I don't believe you've ever been in the computer industry or understand how a successful systems-development process works.


----------



## Anonymous (Dec 11, 2012)

fonz said:
			
		

> Sigh. It's *Free*BSD, not *f*BSD. Where is DutchDaemon when you need him?



Isn't that being a bit anal?


----------



## morbit (Dec 11, 2012)

Auld_Besom said:
			
		

> I don't believe you've ever been in the computer industry or understand how a successful systems-development process works.



I don't believe you know what is part of said operating system and what is not, moreover I also don't believe that you know what are you doing with ports.


----------



## fonz (Dec 12, 2012)

Auld_Besom said:
			
		

> Isn't that being a bit anal?


One: See the forum rules. Some quotes (*bold* face omitted, you can see that in the link): 
This forum is not for children or texting teenagers!
Opening remark: try not to take any of this personally, even when a moderator sends you to this page. These rules exist to make the forums an enjoyable experience, and to help you make a good impression on other forum members.
It's FreeBSD, not fbsd, FBSD, freebsd, freeBSD, Freebsd, or any other variation. FreeBSD is likely older than you are, so respect the operating system!
Two: If you have time to post here, you also have time to spend a measly few extra key presses in order to spell properly.

Three: See one. And two.

Four: Where is DD?

Fonz


----------



## SirDice (Dec 13, 2012)

Auld_Besom said:
			
		

> The idea that a production release shouldn't have beta software in it at all, ever is apparently a foreign idea to those in charge of FreeBSD's release engineering.  Hobbyists include everything, because they love the software and even its bugs.  People who want to get something else accomplished just want the software to be painless to install and reliable in operation.
> 
> In this case, the killer error was apparently in Ghostscript, which has been around long enough not to behave like that. I thought. Perhaps it's no longer being maintained.
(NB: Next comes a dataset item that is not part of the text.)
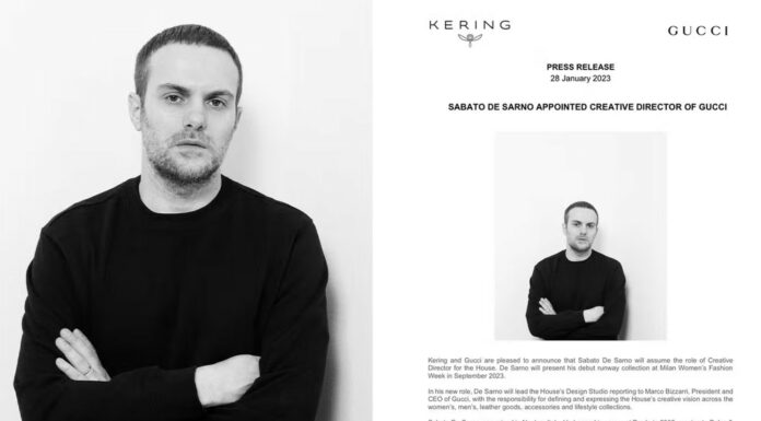 Thứ Bảy ngày 28/1, Gucci và tập đoàn Kering chính thức bổ nhiệm Sabato De Sarno vào vị trí Giám đốc sáng tạo của thương hiệu này.

The ports have nothing to do with the FreeBSD versions. All versions (including all -RELEASE, -STABLE and -CURRENT versions) and architectures use the exact same ports tree. A common misconception all new FreeBSD users seem to have, especially if they have previous Linux experience. The ports and the base OS are two separate entities. It therefor doesn't make sense to blame a certain version of FreeBSD for inconsistencies caused by third party applications.


----------



## fonz (Dec 13, 2012)

Auld_Besom said:
			
		

> In this case, the killer error was apparently in Ghostscript, which has been around long enough not to behave like that. I thought. Perhaps it's no longer being maintained.
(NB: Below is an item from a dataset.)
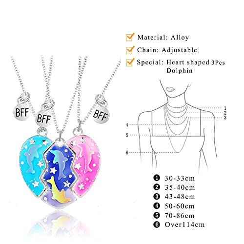 Collana con ciondolo a forma di cuore magnetico con delfino, per 3 ragazze, ideale come regalo per la migliore amica, per ragazze, per donne, laurea, compleanno, Natale, Lega di zinco
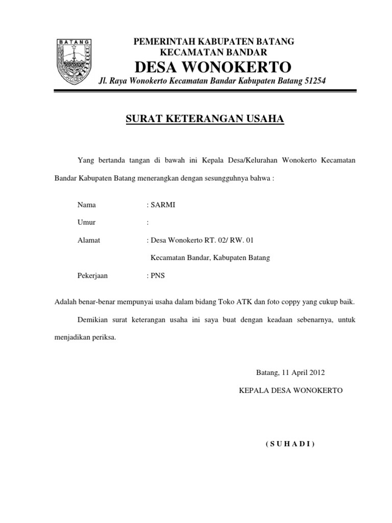 Contoh Surat Keterangan Usaha Sku Resmi Terlengkap

You must be kidding. The Ghostscript ports are actively maintained by the Doceng team.

Fonz


----------



## sk8harddiefast (Dec 13, 2012)

Just they can't understand the obvious. FreeBSD is the OS. Not FreeBSD + ports. *Ports are not a part of the base system*. Ports are ported from users, handled by users, maintained by users. From me, from you, from my grand mama, from the neighborhood. Everyone can port. We have told this gazillion times in this forum. If is not compiling send pr to maintainer, if you set wrong flags, search on forum for similar threads. If you can't find a similar thread, open a new thread and ask. But everything you do stop blame FreeBSD because a port wont compile or it is buggy. Is not FreeBSD's fault. From the moment you will run
#portsnap fetch extract
you must accept that you can have any package error you can imagine and this have nothing to do with the OS.
I know. It's easy to blame FreeBSD on that but is wrong. I really want automount on my DE / thunar-volman. But I can't have it. At least this moment. Linux turn to another way on automounting. The maintainer of xfce4 port the DE but of course automount will not work. It's broken. There is not know solution about that right now.
But this is about port and linuxisms. Not about FreeBSD.


----------



## Anonymous (Dec 13, 2012)

This will be my last post in this thread, and I'm making it only because I do very much care about the future of FreeBSD.

(to clear up a sneer made, I hope, in jest:  no, FreeBSD is not older than me.  I am older than it.  I'm also older than UNIX itself.  I'm even, mirabile dictu, older than Ken Thompson, Brian Kernighan, and the late Dennis Ritchie.)

I've been a supporter of FreeBSD from the beginning, coming to it from SCO, Solaris, and Novell's SysV.  Because having source is good, I was investigating Minix with the idea of doing something with it when the FreeBSD project started.  I think the earliest cd I thought to save might be 1.1.2.  One of the very earliest releases, anyway.

My computing career started in 1975, when the grad student whom I'd hired to write a program I needed handed the specs back to me with the apology that he was already over-committed.  I asked whether it was hard to learn to program and he called back over his shoulder on his way out the door "no, no, it's easy".  So I went over to the computer center, explained what I needed, and asked if there was someone who'd be willing to teach me how to do it.  There was, and after awhile I was hired by the computer center even tho I was training to be a psychologist not a computer scientist.  To cut a long story short, I spent 30 years in the computer industry writing software, doing systems architecture, and being an engineering boss and program manager.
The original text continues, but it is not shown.